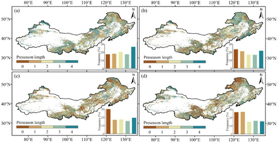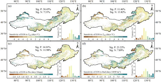 Figure 4 demonstrates the preseason length of different climatic factors. As shown in Figure 4a–d, the preseason length for these climatic factors mainly varied between 0 and 3 months, which was in agreement with previous studies [43,44]. Therefore, the sensitivity of EOS to preseason climatic factors was calculated at the pixel scale (Figure 5). As shown in Figure 5a, EOS exhibited a positive sensitivity with Tmin, accounting for 68.23% of all pixels. Pixels with a sensitivity larger than 4 days/°C accounted for 25.22%, mainly distributed in central Inner Mongolia, northern Xinjiang, and central Northwest China. This finding indicated that the increase in preseason Tmin generally caused a delayed EOS. However, the EOS for nearly 55% of the pixels had a negative sensitivity with preseason Tmax (Figure 5b), which meant Tmin and Tmax had an asymmetric effect on EOS. In addition to temperature, the sensitivity of EOS to preseason Pre and Rad showed high spatial heterogeneity (Figure 5c,d). Over 52% of the pixels had a positive sensitivity between EOS and preseason Pre. The sensitivity greater than 1 day/10 mm was mainly located in central-north Inner Mongolia, central Northwest China, and southern Xinjiang (Figure 5c), which indicated that if preseason precipitation increased by 10 mm, corresponding EOS could likely increase by more than one day in these regions. The EOS for 64.84% of the pixels had a positive sensitivity with preseason Rad, and pixels with a sensitivity larger than 5 days/100 W·m−2 accounted for 24.16% (Figure 5d), primarily located in central Inner Mongolia, northern Northeast China, central Northwest China, and northern Xinjiang.
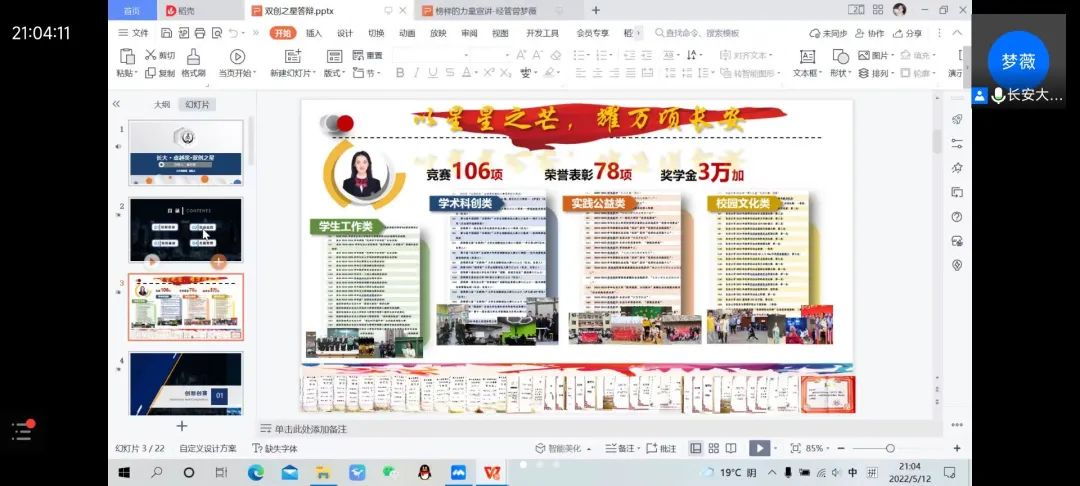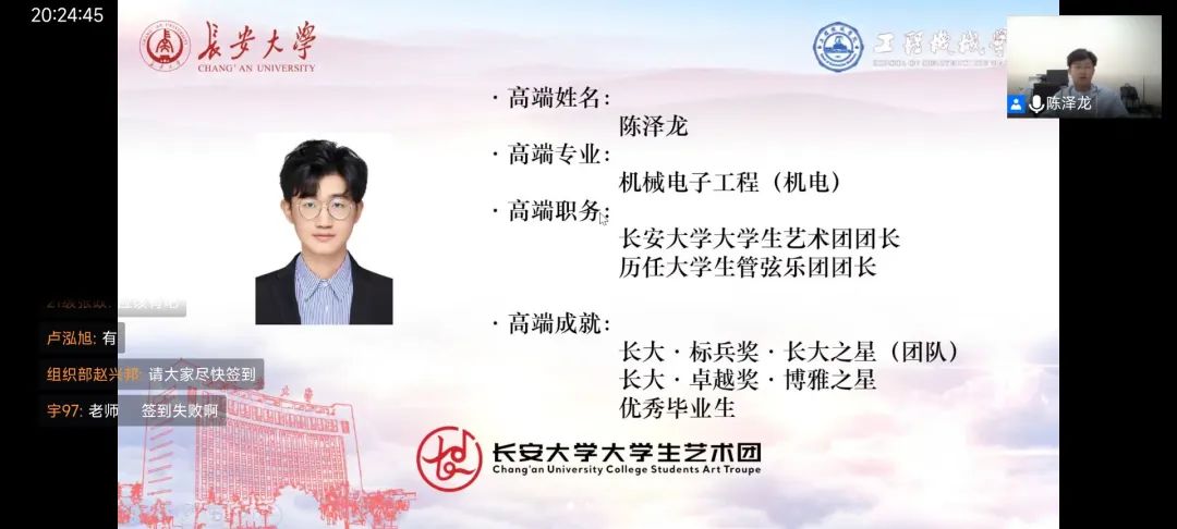 为加强学院学风建设,发挥榜样力量,无限动漫 学生会于2022年5月13日晚以线上形式成功举办“榜样的力量·长大之星”宣讲会。此次宣讲会邀请了陈泽龙、李世强等六位同学进行经验分享。无限动漫 党委副书记雷剑、学生工作办公室主任谢静、团委书记赵尉尉、全体辅导员及2019级—2021级同学参加了此次宣讲会,会议由2021级辅导员卢泓旭主持。
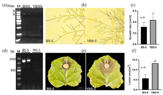 To determine the effect of the virus RsPV-BS5 on the fungal host, we tried to cure the RsPV-BS5-infected R. solani AG-3 strain BS-5, as described in Section 2, and a derivative virus-transfected strain YBS-5 was finally obtained. The mycelial morphologies of these two strains, BS-5 and YBS-5, were compared under the same conditions. The dsRNA segments present in strain BS-5 were detected, but we could not detect any in the mycelia of YBS-5 (Figure 5a). The results showed that YBS-5 was thicker than BS-5 (Figure 5b). RsPV-BS5 infection reduces mycelial growth (Figure 5c). The segment in strain BS-5 was confirmed as the genome of RsPV-BS5 through RT-PCR with the RsPV-BS5-specific primer (BS5CP-F/R) (Supplementary Table S2) using total RNA as the templates; however, it was not detected in strain YBS-5 (Figure 5d). In addition, the effect of RsPV-BS5 on fungal virulence was evaluated based on the size of the lesions on tobacco leaves caused by the two strains, BS-5 and YBS-5 (Figure 5e). After three days of inoculation, the average lesion areas caused by BS-5 were smaller than those caused by YBS-5 (Figure 5f), indicating that RsPV-BS5 induced hypovirulence.
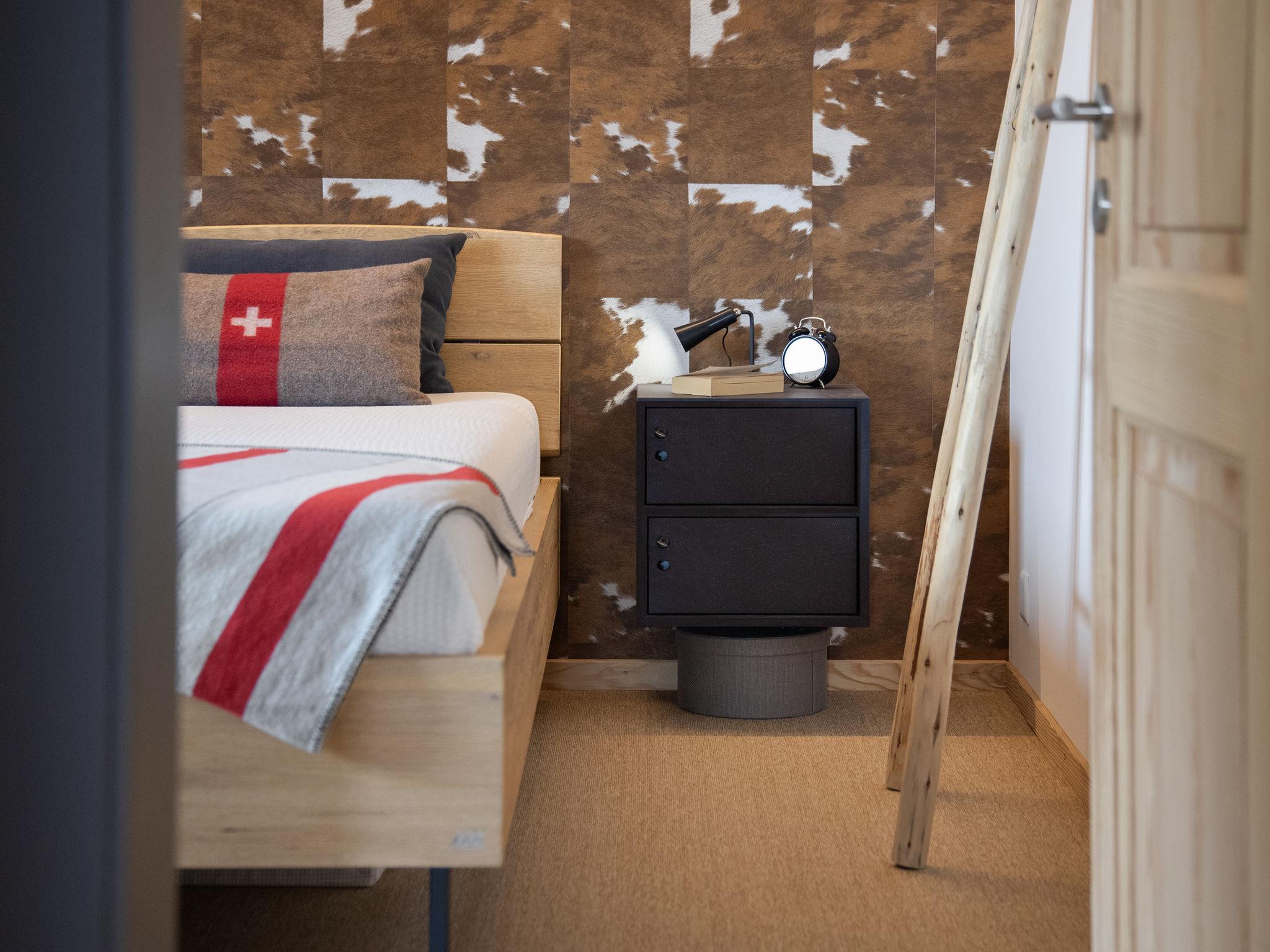 "Soleil des Alpes", 3-room apartment on the upper ground floor, south facing position. Comfortable and modern furnishings: large living/dining room with Scandinavian wood stove and cable TV. Exit to the balcony, to the terrace, south facing position. 1 large room with 1 double bed (1 x 180 cm, length 200 cm), cable TV. Exit to the terrace. 1 large room with 2 beds (90 cm, length 200 cm), cable TV. Kitchen (4 hot plates, oven, dishwasher, toaster, kettle, microwave, freezer, electric coffee machine, Capsules for coffee machine (Nespress) extra, raclette grill, fondue Set (cheese)). Shower/WC, sep. WC. Parquet floors. Balcony, south facing position. Balcony furniture. Very beautiful panoramic view. Facilities: hair dryer. Internet (WiFi, free). Parking (1 car). Please note: suitable for families. Non-smokers only.
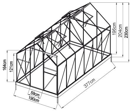 Hliníkový skleník VeGA 7000 STRONG. Součástí 4x střešní okno a 1x posuvné dveře. Speciální drážková konstrukce skleníku. Použito velice kvalitních tepelně-izolačních dvoustěnných komůrkových polykarbonátových desek. Rozměr skledníku š 190 x d 377 x v 204 cm.
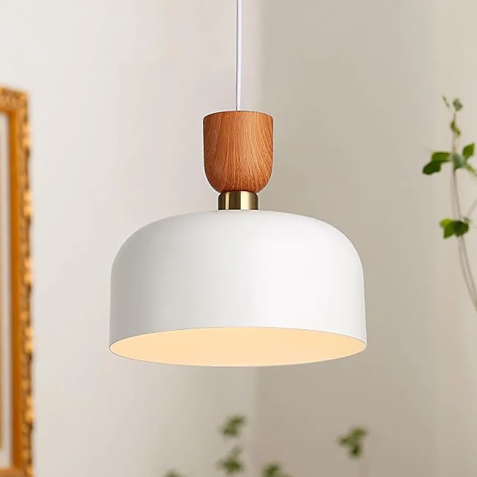 Suspension Moderne IntemporelleDesign Polyvalent et légantEsthétique : Design simple avec une belle courbe en arc.Matériaux : Combinaison de bois massif avec des détails en métal, créant un look intemporel qui s’harmonise avec une variété de styles décoratifs tels que moderne, rustique, du milieu du siècle, vintage, industriel et rétro.Large ApplicationPolyvalence : Utilisation individuelle, par paire ou en groupes de trois. Peut être installé en alignement ou de manière aléatoire dispersée.Espaces Recommandés : Idéal pour la cuisine, la salle à manger, le salon, la chambre à coucher, l’entrée, la salle de bain et autres espaces intérieurs.Matériaux de Haute QualitéComposants :Câble flexible et durable, homologué UL.Abat-jour en fer avec finition mate opaque.Partie supérieure de l’abat-jour en quincaillerie avec finition dorée et bois massif poli.Plaque de montage en dôme en métal avec finition peinture mate.Facile à InstallerCompatibilité : Peut être installé sur des plafonds inclinés ou plats.Instructions Incluses : Le paquet comprend le câblage nécessaire et des instructions claires pour une installation rapide et facile.Type de Douille : E27, compatible avec les ampoules incandescentes, LED et CFL.DimensionsCâble ajustable : Longueur de 100 cm.Abat-jour : Diamètre de 30 cm et hauteur de 28 cm.Ajoutez une touche de sophistication et de fonctionnalité à vos espaces intérieurs avec cette suspension moderne et intemporelle.
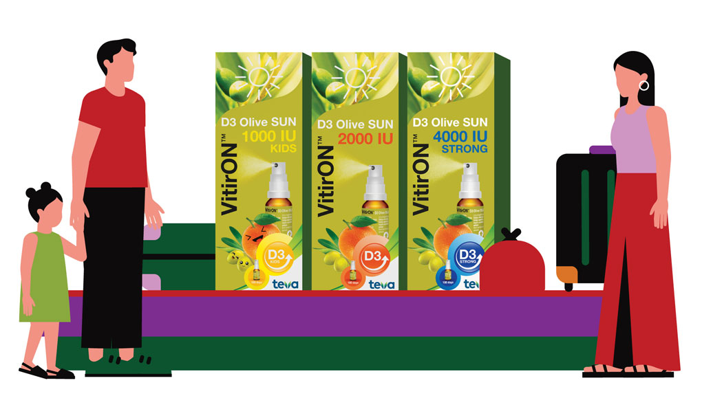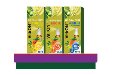 VitirON™ D3 Olive SUN 1000 RÜ: lastele vanuses 0-12 kuud 1 pihustus 1 kord päevas, 1-10 aastastele 1 pihustus 2 korda päevas, lapsed alates 11. eluaastast ja täiskasvanud, rinnaga last imetavad emad ja rasedatele 1 pihustus 4 korda päevas. Imikutele ja väikelastele võib anda lusikatäie piima või pudruga.
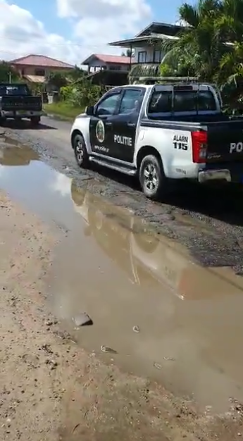 Een burger heeft woensdag 14 juli op Facebook een video geplaatst waarop te zien is, dat een aannemer een deel van de Kwattaweg asfalteert. Niets bijzonders zou men denken. Maar, deze aannemer is aan het asfalteren over vol water staande kuilen in de weg, tot stomme verbazing van de persoon die een en ander gadesloeg en vastlegde op beeld.
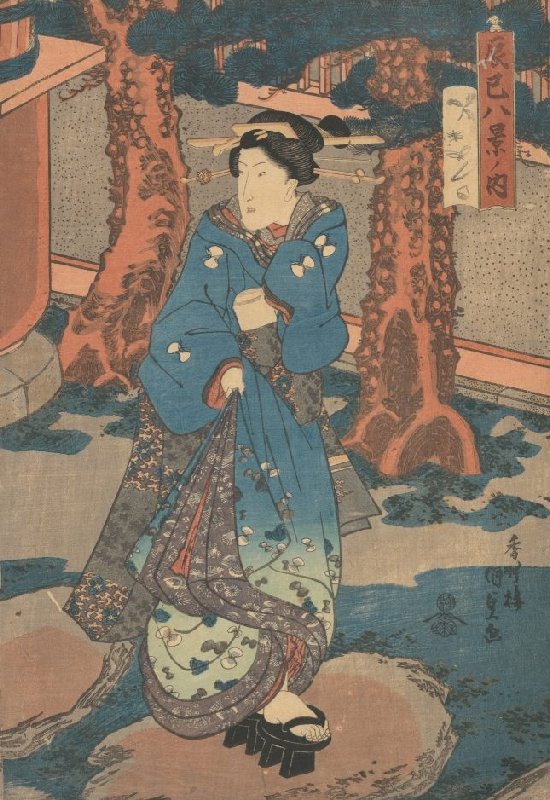 Courtesan Going Out, right sheet of the triptych Seeing off at Nakachō, from the print series Eight Views of Tatsumi
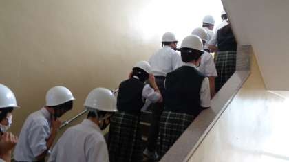 生徒たちは、一言もおしゃべりをせず、速やかに避難をしていま
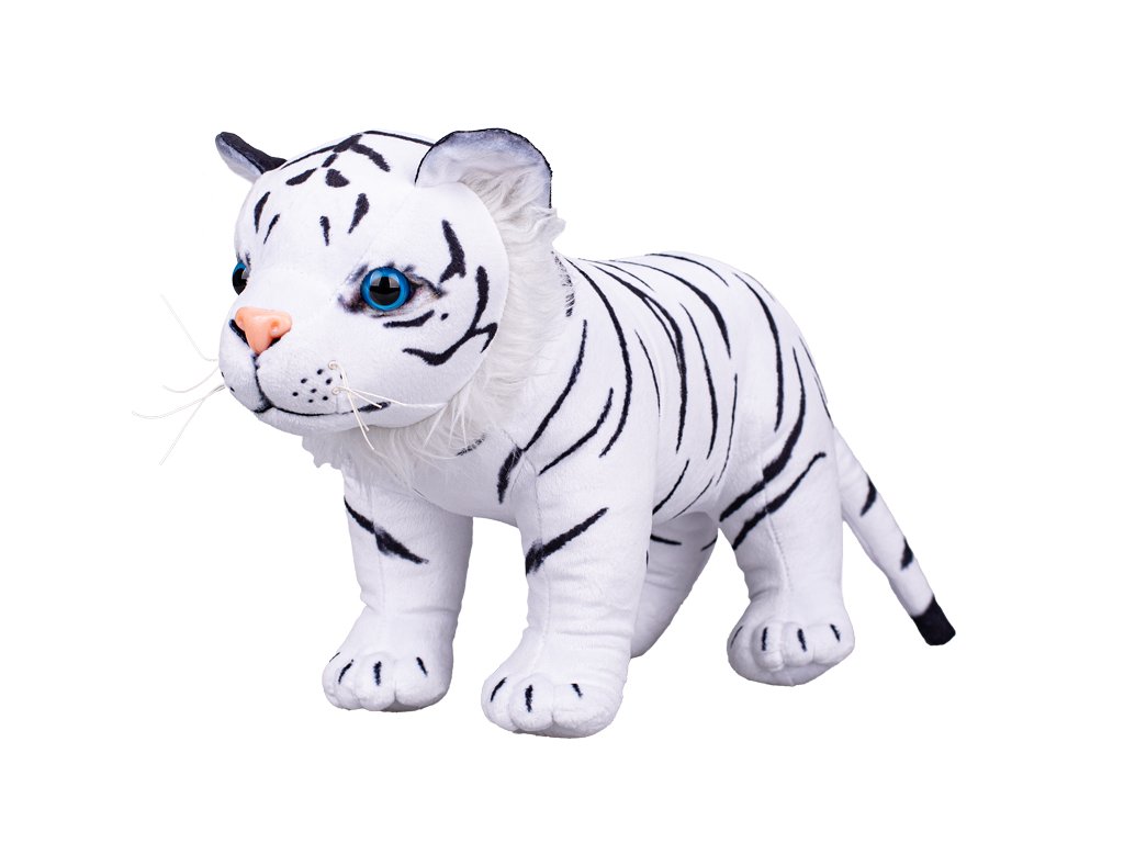 Obdivujte vzácnou a elegantní šelmu! Tento 35 cm dlouhý bílý indický tygr je nejen krásný, ale i neuvěřitelně hebký. Stane se ozdobou každého pokojíčku a věrným kamarádem. Bezpečný pro děti již od narození (0m+).Doplňkové parametry

**What to do:** Nothing but the pictures may be dropped; output the records above exactly.

**Solution below:**
 Figure 4 demonstrates the preseason length of different climatic factors. As shown in Figure 4a–d, the preseason length for these climatic factors mainly varied between 0 and 3 months, which was in agreement with previous studies [43,44]. Therefore, the sensitivity of EOS to preseason climatic factors was calculated at the pixel scale (Figure 5). As shown in Figure 5a, EOS exhibited a positive sensitivity with Tmin, accounting for 68.23% of all pixels. Pixels with a sensitivity larger than 4 days/°C accounted for 25.22%, mainly distributed in central Inner Mongolia, northern Xinjiang, and central Northwest China. This finding indicated that the increase in preseason Tmin generally caused a delayed EOS. However, the EOS for nearly 55% of the pixels had a negative sensitivity with preseason Tmax (Figure 5b), which meant Tmin and Tmax had an asymmetric effect on EOS. In addition to temperature, the sensitivity of EOS to preseason Pre and Rad showed high spatial heterogeneity (Figure 5c,d). Over 52% of the pixels had a positive sensitivity between EOS and preseason Pre. The sensitivity greater than 1 day/10 mm was mainly located in central-north Inner Mongolia, central Northwest China, and southern Xinjiang (Figure 5c), which indicated that if preseason precipitation increased by 10 mm, corresponding EOS could likely increase by more than one day in these regions. The EOS for 64.84% of the pixels had a positive sensitivity with preseason Rad, and pixels with a sensitivity larger than 5 days/100 W·m−2 accounted for 24.16% (Figure 5d), primarily located in central Inner Mongolia, northern Northeast China, central Northwest China, and northern Xinjiang.
 为加强学院学风建设,发挥榜样力量,无限动漫 学生会于2022年5月13日晚以线上形式成功举办“榜样的力量·长大之星”宣讲会。此次宣讲会邀请了陈泽龙、李世强等六位同学进行经验分享。无限动漫 党委副书记雷剑、学生工作办公室主任谢静、团委书记赵尉尉、全体辅导员及2019级—2021级同学参加了此次宣讲会,会议由2021级辅导员卢泓旭主持。
 To determine the effect of the virus RsPV-BS5 on the fungal host, we tried to cure the RsPV-BS5-infected R. solani AG-3 strain BS-5, as described in Section 2, and a derivative virus-transfected strain YBS-5 was finally obtained. The mycelial morphologies of these two strains, BS-5 and YBS-5, were compared under the same conditions. The dsRNA segments present in strain BS-5 were detected, but we could not detect any in the mycelia of YBS-5 (Figure 5a). The results showed that YBS-5 was thicker than BS-5 (Figure 5b). RsPV-BS5 infection reduces mycelial growth (Figure 5c). The segment in strain BS-5 was confirmed as the genome of RsPV-BS5 through RT-PCR with the RsPV-BS5-specific primer (BS5CP-F/R) (Supplementary Table S2) using total RNA as the templates; however, it was not detected in strain YBS-5 (Figure 5d). In addition, the effect of RsPV-BS5 on fungal virulence was evaluated based on the size of the lesions on tobacco leaves caused by the two strains, BS-5 and YBS-5 (Figure 5e). After three days of inoculation, the average lesion areas caused by BS-5 were smaller than those caused by YBS-5 (Figure 5f), indicating that RsPV-BS5 induced hypovirulence.
 "Soleil des Alpes", 3-room apartment on the upper ground floor, south facing position. Comfortable and modern furnishings: large living/dining room with Scandinavian wood stove and cable TV. Exit to the balcony, to the terrace, south facing position. 1 large room with 1 double bed (1 x 180 cm, length 200 cm), cable TV. Exit to the terrace. 1 large room with 2 beds (90 cm, length 200 cm), cable TV. Kitchen (4 hot plates, oven, dishwasher, toaster, kettle, microwave, freezer, electric coffee machine, Capsules for coffee machine (Nespress) extra, raclette grill, fondue Set (cheese)). Shower/WC, sep. WC. Parquet floors. Balcony, south facing position. Balcony furniture. Very beautiful panoramic view. Facilities: hair dryer. Internet (WiFi, free). Parking (1 car). Please note: suitable for families. Non-smokers only.
 Hliníkový skleník VeGA 7000 STRONG. Součástí 4x střešní okno a 1x posuvné dveře. Speciální drážková konstrukce skleníku. Použito velice kvalitních tepelně-izolačních dvoustěnných komůrkových polykarbonátových desek. Rozměr skledníku š 190 x d 377 x v 204 cm.
 Suspension Moderne IntemporelleDesign Polyvalent et légantEsthétique : Design simple avec une belle courbe en arc.Matériaux : Combinaison de bois massif avec des détails en métal, créant un look intemporel qui s’harmonise avec une variété de styles décoratifs tels que moderne, rustique, du milieu du siècle, vintage, industriel et rétro.Large ApplicationPolyvalence : Utilisation individuelle, par paire ou en groupes de trois. Peut être installé en alignement ou de manière aléatoire dispersée.Espaces Recommandés : Idéal pour la cuisine, la salle à manger, le salon, la chambre à coucher, l’entrée, la salle de bain et autres espaces intérieurs.Matériaux de Haute QualitéComposants :Câble flexible et durable, homologué UL.Abat-jour en fer avec finition mate opaque.Partie supérieure de l’abat-jour en quincaillerie avec finition dorée et bois massif poli.Plaque de montage en dôme en métal avec finition peinture mate.Facile à InstallerCompatibilité : Peut être installé sur des plafonds inclinés ou plats.Instructions Incluses : Le paquet comprend le câblage nécessaire et des instructions claires pour une installation rapide et facile.Type de Douille : E27, compatible avec les ampoules incandescentes, LED et CFL.DimensionsCâble ajustable : Longueur de 100 cm.Abat-jour : Diamètre de 30 cm et hauteur de 28 cm.Ajoutez une touche de sophistication et de fonctionnalité à vos espaces intérieurs avec cette suspension moderne et intemporelle.
 VitirON™ D3 Olive SUN 1000 RÜ: lastele vanuses 0-12 kuud 1 pihustus 1 kord päevas, 1-10 aastastele 1 pihustus 2 korda päevas, lapsed alates 11. eluaastast ja täiskasvanud, rinnaga last imetavad emad ja rasedatele 1 pihustus 4 korda päevas. Imikutele ja väikelastele võib anda lusikatäie piima või pudruga.
 Een burger heeft woensdag 14 juli op Facebook een video geplaatst waarop te zien is, dat een aannemer een deel van de Kwattaweg asfalteert. Niets bijzonders zou men denken. Maar, deze aannemer is aan het asfalteren over vol water staande kuilen in de weg, tot stomme verbazing van de persoon die een en ander gadesloeg en vastlegde op beeld.
 Courtesan Going Out, right sheet of the triptych Seeing off at Nakachō, from the print series Eight Views of Tatsumi
 生徒たちは、一言もおしゃべりをせず、速やかに避難をしていま
 Obdivujte vzácnou a elegantní šelmu! Tento 35 cm dlouhý bílý indický tygr je nejen krásný, ale i neuvěřitelně hebký. Stane se ozdobou každého pokojíčku a věrným kamarádem. Bezpečný pro děti již od narození (0m+).Doplňkové parametry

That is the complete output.